DATA SUPPLIED

- Opening Delimiter -

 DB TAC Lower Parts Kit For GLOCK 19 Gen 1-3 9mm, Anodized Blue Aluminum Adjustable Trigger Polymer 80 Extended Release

- Closing Delimiter -
- Opening Delimiter -

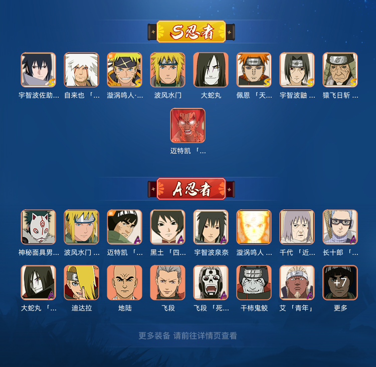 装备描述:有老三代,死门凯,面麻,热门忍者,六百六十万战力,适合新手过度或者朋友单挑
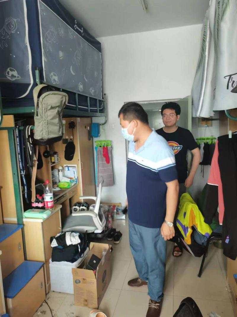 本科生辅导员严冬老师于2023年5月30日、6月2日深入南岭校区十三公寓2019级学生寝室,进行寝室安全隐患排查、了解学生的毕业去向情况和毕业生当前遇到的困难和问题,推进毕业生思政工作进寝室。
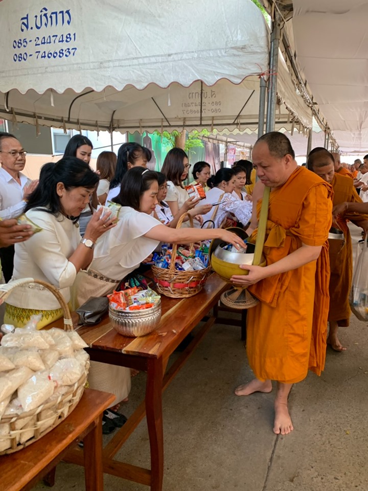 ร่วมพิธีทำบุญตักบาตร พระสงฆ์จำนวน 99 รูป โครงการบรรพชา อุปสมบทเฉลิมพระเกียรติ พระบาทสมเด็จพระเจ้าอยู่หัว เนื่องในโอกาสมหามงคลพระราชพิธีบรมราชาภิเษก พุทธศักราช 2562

- Closing Delimiter -

TRY IT
Lines from the one above containing "本科生辅导员严冬老师于202" down to the one containing "ร่วมพิธีทำบุญตักบาตร พระสงฆ์จำนวน 99" should be transcribed exactly, with both ends kept and no pictures.

EXPECTED OUTPUT
 本科生辅导员严冬老师于2023年5月30日、6月2日深入南岭校区十三公寓2019级学生寝室,进行寝室安全隐患排查、了解学生的毕业去向情况和毕业生当前遇到的困难和问题,推进毕业生思政工作进寝室。
 ร่วมพิธีทำบุญตักบาตร พระสงฆ์จำนวน 99 รูป โครงการบรรพชา อุปสมบทเฉลิมพระเกียรติ พระบาทสมเด็จพระเจ้าอยู่หัว เนื่องในโอกาสมหามงคลพระราชพิธีบรมราชาภิเษก พุทธศักราช 2562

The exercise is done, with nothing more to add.